Record extracts —

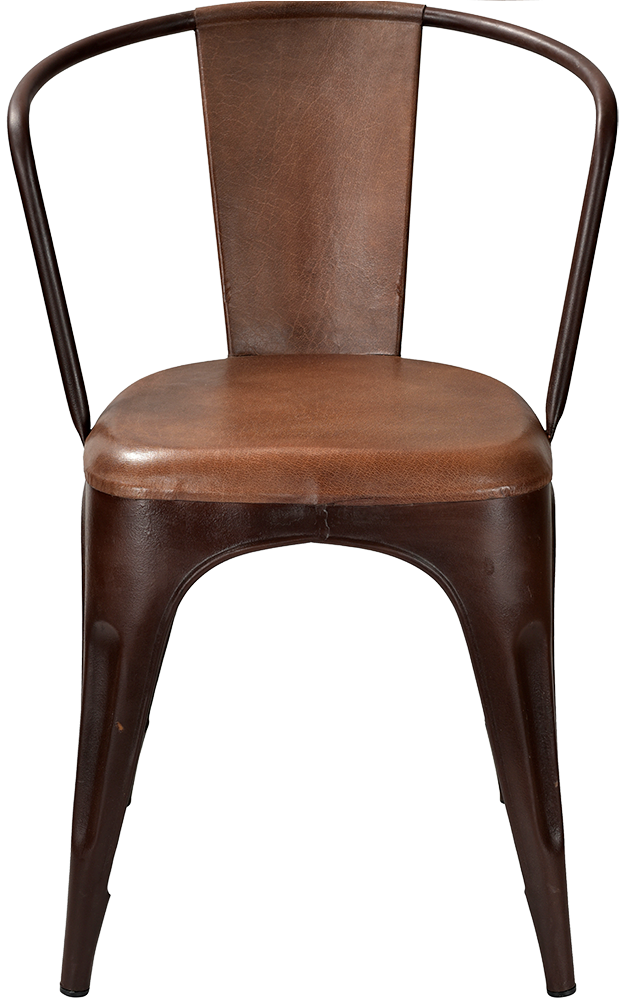 Fräck och robust stol i metall / läder med en vintage stil. Stolen kan staplas när den inte används för att lättare kunna förvaras.
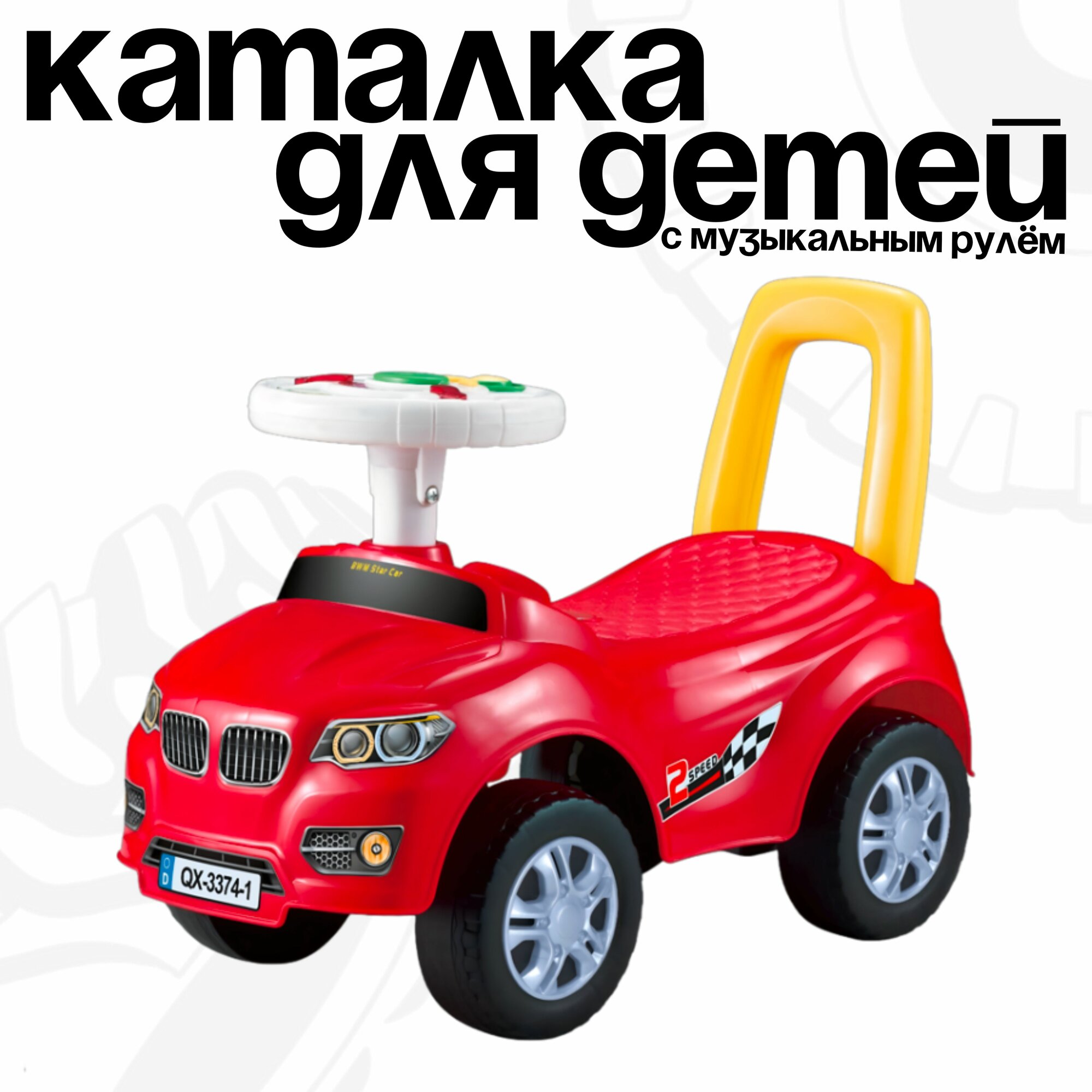 Купить Машинка-каталка пушкар, толокар, с музыкальным рулем красный БМВ
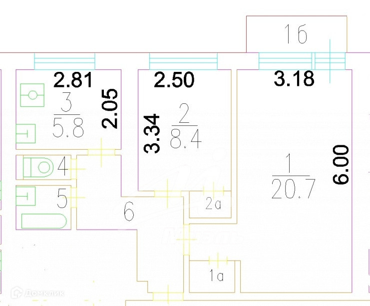 Балкон, лоджия 1 балкон
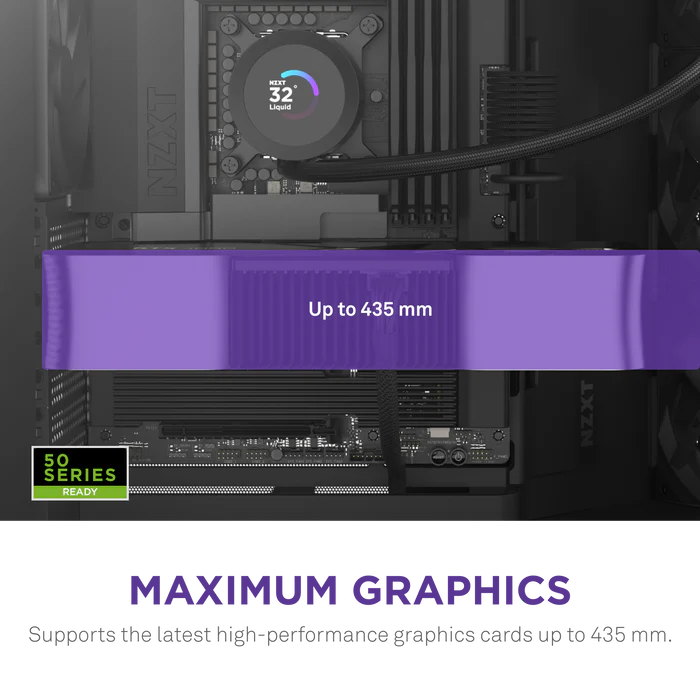 Designed for serious builders, the H9 Air Flow can support up to ten fans and large radiators up to 420mm on both the top and front-right. With space for GPUs up to 459mm and smart fan placement, it's tailor-made for enthusiast-level cooling and overclocking. Whether you're planning an AIO liquid-cooled powerhouse or a GPU-heavy rig, the case’s spacious layout and optimized clearance ensure you're never limited by space or airflow. The chassis comes with four quiet NZXT CV series fans pre-installed, ready to keep even the most demanding components running cool.
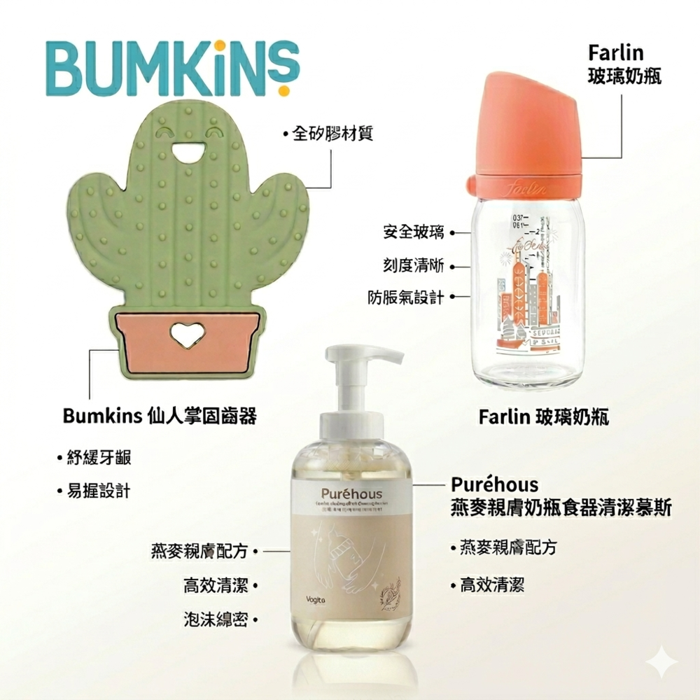 粉色禮盒組內容物如下:Puréhous燕麥親膚奶瓶食器清潔慕斯 500ml*1Farlin防脹氣玻璃奶瓶160ml(香港/日本 兩款隨機)*1Bumkins固齒器(恐龍/仙人掌/獨角獸 三款隨機)*1藍色禮盒組內容物如下:Puréhous燕麥親膚奶瓶食器清潔慕斯 500ml*1Farlin防脹氣玻璃奶瓶160ml(埃及/摩洛哥 兩款隨機)*1Bumkins固齒器(恐龍/仙人掌/獨角獸 三款隨機)*1

What to do —
In the copy, include each entry exactly as written and none of the pictures.

Output —
 Fräck och robust stol i metall / läder med en vintage stil. Stolen kan staplas när den inte används för att lättare kunna förvaras.
 Купить Машинка-каталка пушкар, толокар, с музыкальным рулем красный БМВ
 Балкон, лоджия 1 балкон
 Designed for serious builders, the H9 Air Flow can support up to ten fans and large radiators up to 420mm on both the top and front-right. With space for GPUs up to 459mm and smart fan placement, it's tailor-made for enthusiast-level cooling and overclocking. Whether you're planning an AIO liquid-cooled powerhouse or a GPU-heavy rig, the case’s spacious layout and optimized clearance ensure you're never limited by space or airflow. The chassis comes with four quiet NZXT CV series fans pre-installed, ready to keep even the most demanding components running cool.
 粉色禮盒組內容物如下:Puréhous燕麥親膚奶瓶食器清潔慕斯 500ml*1Farlin防脹氣玻璃奶瓶160ml(香港/日本 兩款隨機)*1Bumkins固齒器(恐龍/仙人掌/獨角獸 三款隨機)*1藍色禮盒組內容物如下:Puréhous燕麥親膚奶瓶食器清潔慕斯 500ml*1Farlin防脹氣玻璃奶瓶160ml(埃及/摩洛哥 兩款隨機)*1Bumkins固齒器(恐龍/仙人掌/獨角獸 三款隨機)*1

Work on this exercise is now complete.